Jitter from a low jitter Blu-ray player, the Cambridge 650BD, a low amount.


Jitter arises from noise and timing errors in digital processing. It is a degradation of the digital signal itself, rather than a conversion problem and can fall through into the outside analogue world as noise and distortion (not necessarily of the harmonic variety). We measure jitter on a player’s basic digital signal, via its S/PDIF output. What it tells us is how clean the output stream is and whether there is any serious degradation here.

Relating jitter in its many forms to sound quality is difficult and contentious, but there does appear to be a link to bass quality – perhaps surprisingly – with low jitter players commonly having tidy and well expressed bass.
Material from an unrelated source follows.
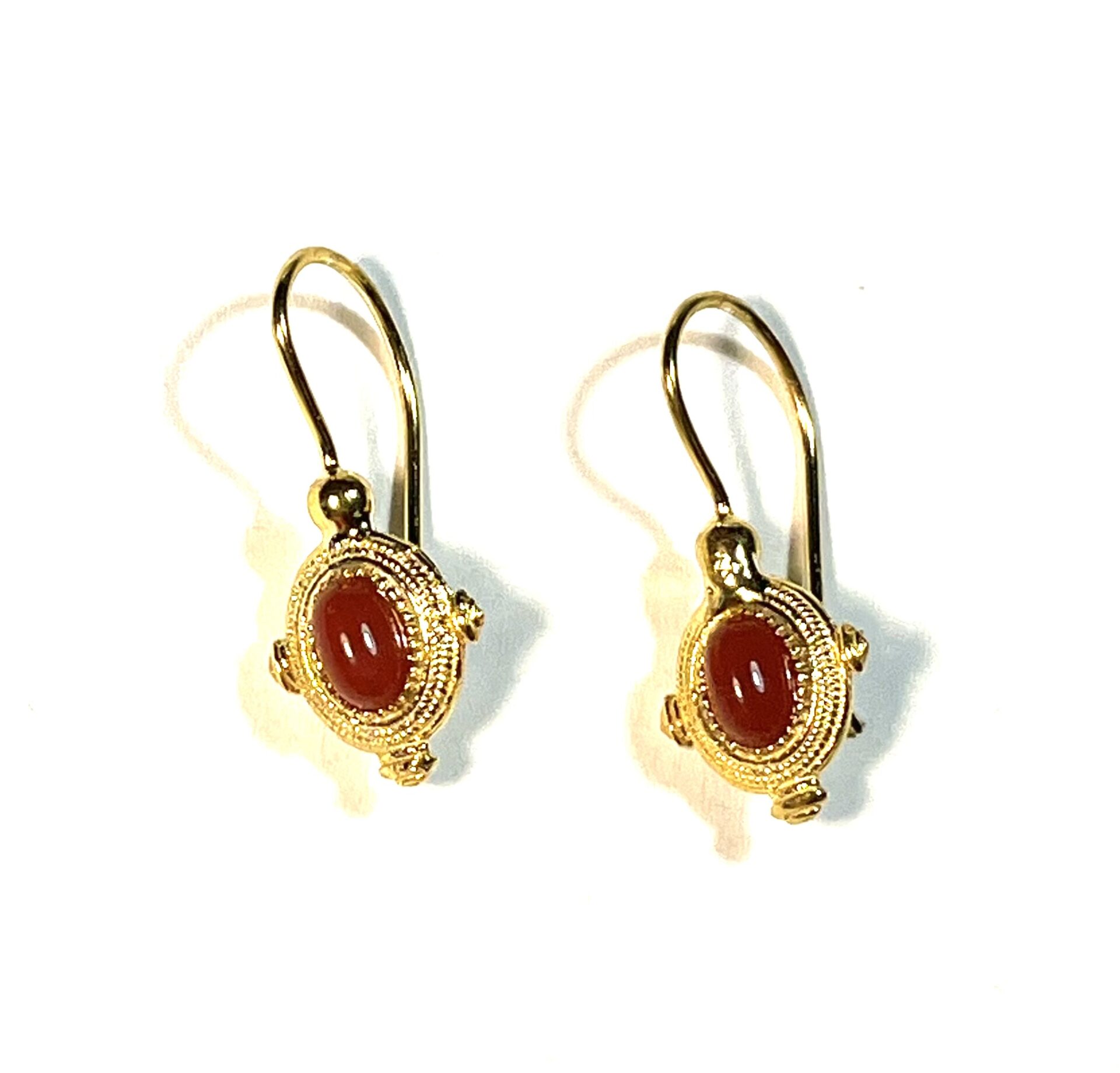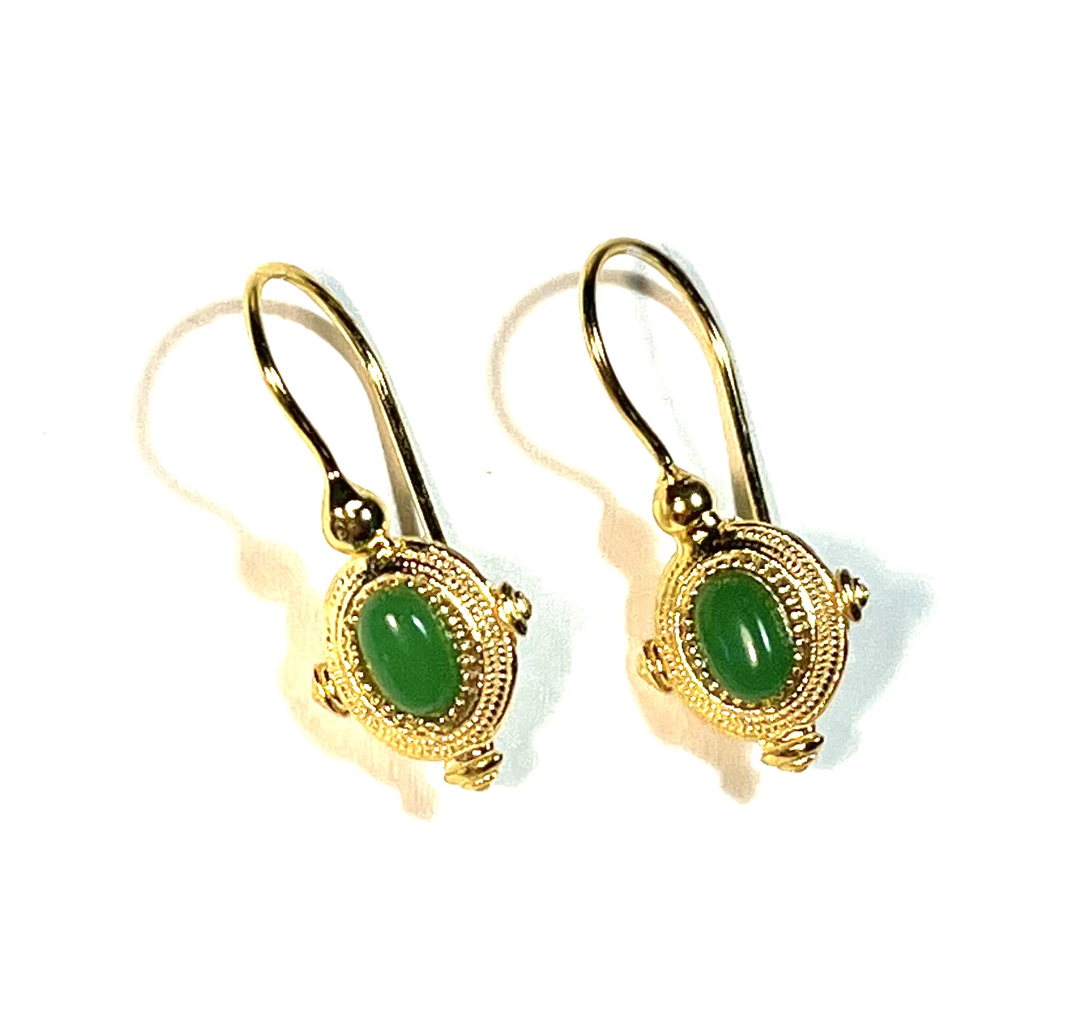 Hook earring in 925 sterling silverplaccato 18k gold. questo hook earring presenta uno scudo oval ispirato allo stile antique, minuziosamente lavorato for esaltare ogni dettaglio. al centro, una stone incastonata cattura la luce and diventa il punto focale del design, donando luminosità and raffinatezza. un gioiello dal fascino without tempo, che unisce lavorazione handmade and stile elegante.

This may be related to common low rate clock drift error that produces up to 1nS of jitter.

Low jitter digital players usually have a sense of pristine cleanliness in their sound, a slight lack of subliminal ‘stain’ as it were, in comparative listening tests we have carried out. Since signal related jitter commonly reaches 100pS on mediocre players, but can be less than 10pS on tightly re-clocked designs where a lot of attention has been paid to the reduction of jitter in all its forms (e.g. Cyrus CD8), there are large differences here.

Generally, sound quality degradation from jitter is subtle, except in bass quality where differences are greater if not especially upsetting.



We measure jitter from S/PDIF, playing a 1kHz test tone at -60dB. This provides a measure of both random and signal related jitter, the two being quoted separately. Because jitter takes numerous forms and because low rate clock drift is commonly high when all other forms are low, we do not quote the band sum value the analyser provides as this does not distinguish between types.


Signal related jitter at 1kHz and low rate clock drift below 100Hz, both common forms of jitter.